- Records provided:
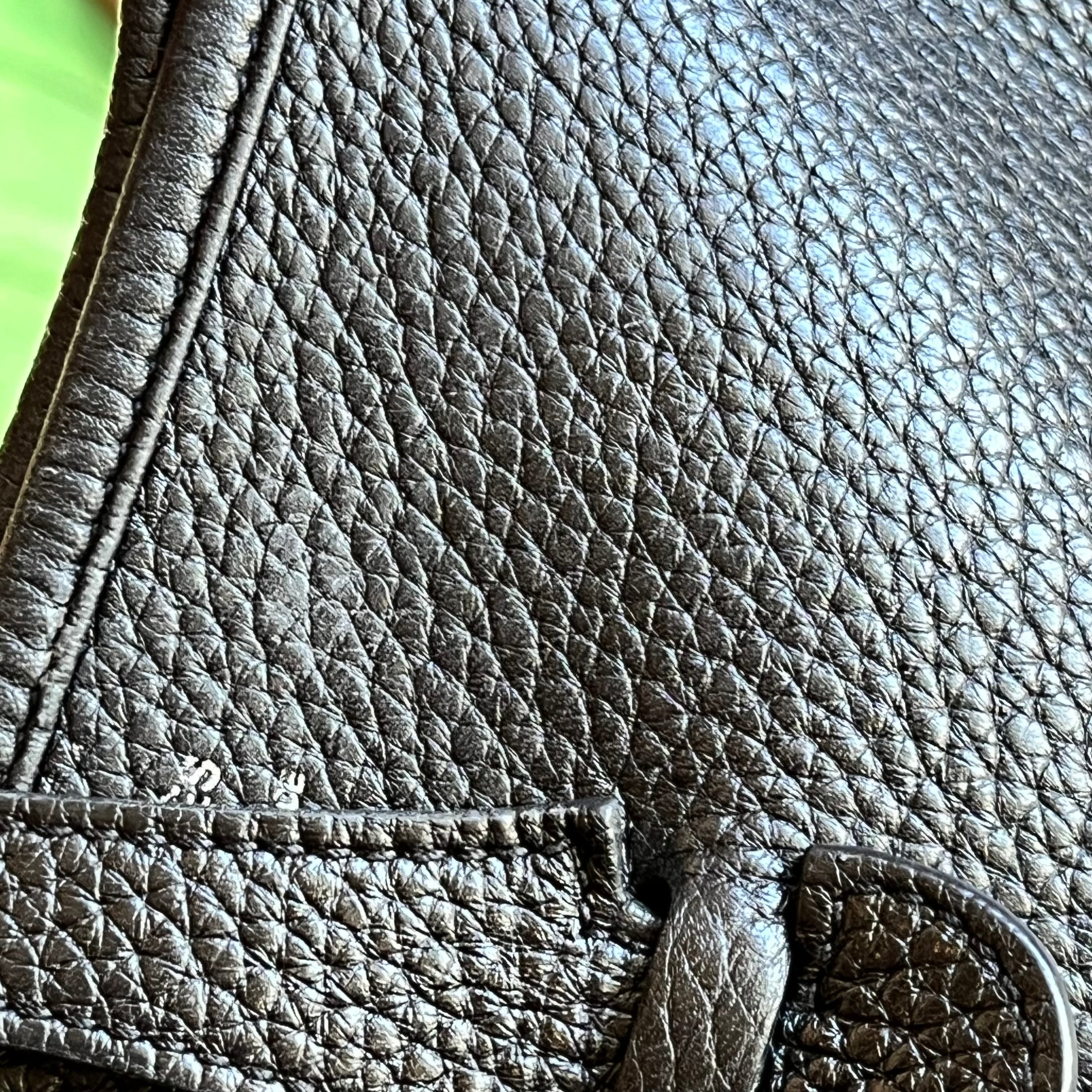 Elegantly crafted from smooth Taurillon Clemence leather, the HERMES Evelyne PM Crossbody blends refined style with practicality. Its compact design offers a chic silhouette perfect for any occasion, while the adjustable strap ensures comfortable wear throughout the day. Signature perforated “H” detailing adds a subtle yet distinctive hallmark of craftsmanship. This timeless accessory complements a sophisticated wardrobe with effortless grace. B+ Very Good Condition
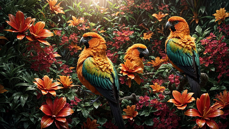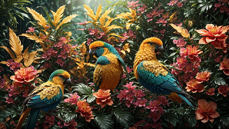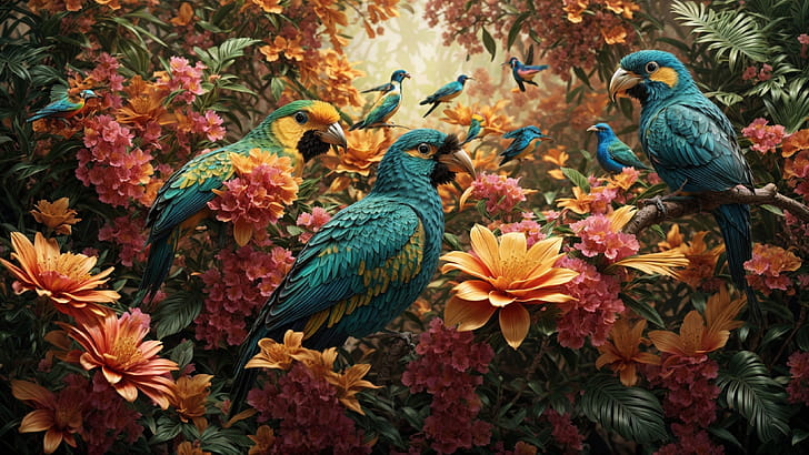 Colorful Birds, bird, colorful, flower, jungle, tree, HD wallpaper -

---

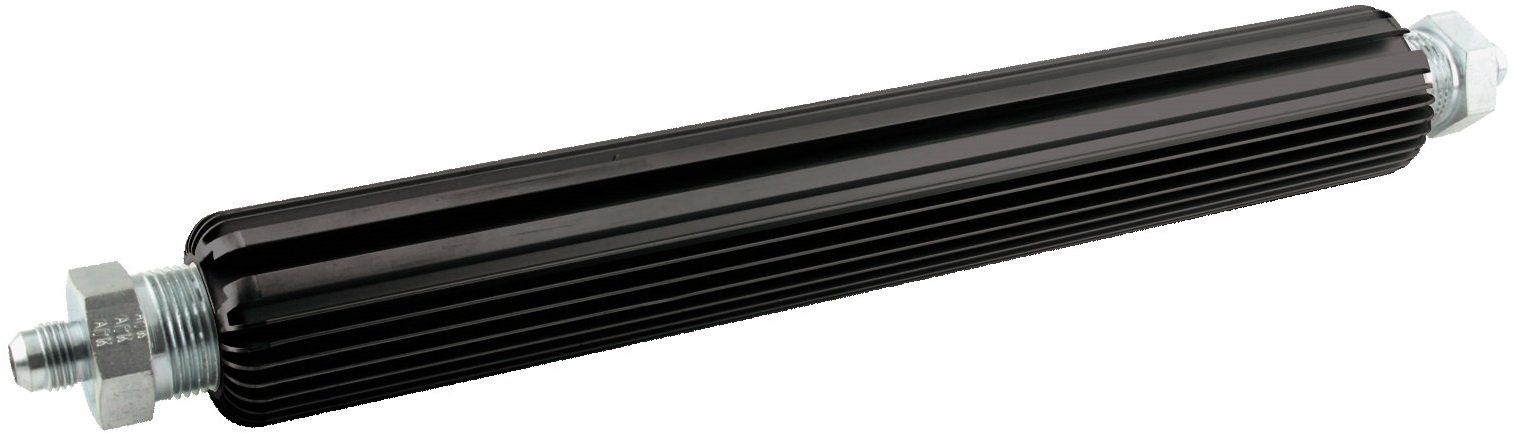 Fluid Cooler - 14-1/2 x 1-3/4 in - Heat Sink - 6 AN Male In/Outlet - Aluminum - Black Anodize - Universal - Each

* * *

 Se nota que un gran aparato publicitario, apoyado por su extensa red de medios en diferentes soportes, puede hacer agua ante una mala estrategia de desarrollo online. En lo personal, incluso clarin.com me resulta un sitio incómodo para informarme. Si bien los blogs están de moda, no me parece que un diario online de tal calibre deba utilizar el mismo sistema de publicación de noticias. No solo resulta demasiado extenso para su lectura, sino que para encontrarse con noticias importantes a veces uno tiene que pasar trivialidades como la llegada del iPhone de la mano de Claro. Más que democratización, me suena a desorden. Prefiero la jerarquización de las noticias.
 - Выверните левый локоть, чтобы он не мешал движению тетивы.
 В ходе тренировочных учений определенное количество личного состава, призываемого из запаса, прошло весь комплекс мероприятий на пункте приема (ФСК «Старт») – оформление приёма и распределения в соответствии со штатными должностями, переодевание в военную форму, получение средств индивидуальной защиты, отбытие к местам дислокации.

- Task to complete: Only one stretch of the entries above is wanted: the lines from the one containing "Se nota que" through the one containing "В ходе тренировочных". Please reproduce it exactly.

- Written answer:
 Se nota que un gran aparato publicitario, apoyado por su extensa red de medios en diferentes soportes, puede hacer agua ante una mala estrategia de desarrollo online. En lo personal, incluso clarin.com me resulta un sitio incómodo para informarme. Si bien los blogs están de moda, no me parece que un diario online de tal calibre deba utilizar el mismo sistema de publicación de noticias. No solo resulta demasiado extenso para su lectura, sino que para encontrarse con noticias importantes a veces uno tiene que pasar trivialidades como la llegada del iPhone de la mano de Claro. Más que democratización, me suena a desorden. Prefiero la jerarquización de las noticias.
 - Выверните левый локоть, чтобы он не мешал движению тетивы.
 В ходе тренировочных учений определенное количество личного состава, призываемого из запаса, прошло весь комплекс мероприятий на пункте приема (ФСК «Старт») – оформление приёма и распределения в соответствии со штатными должностями, переодевание в военную форму, получение средств индивидуальной защиты, отбытие к местам дислокации.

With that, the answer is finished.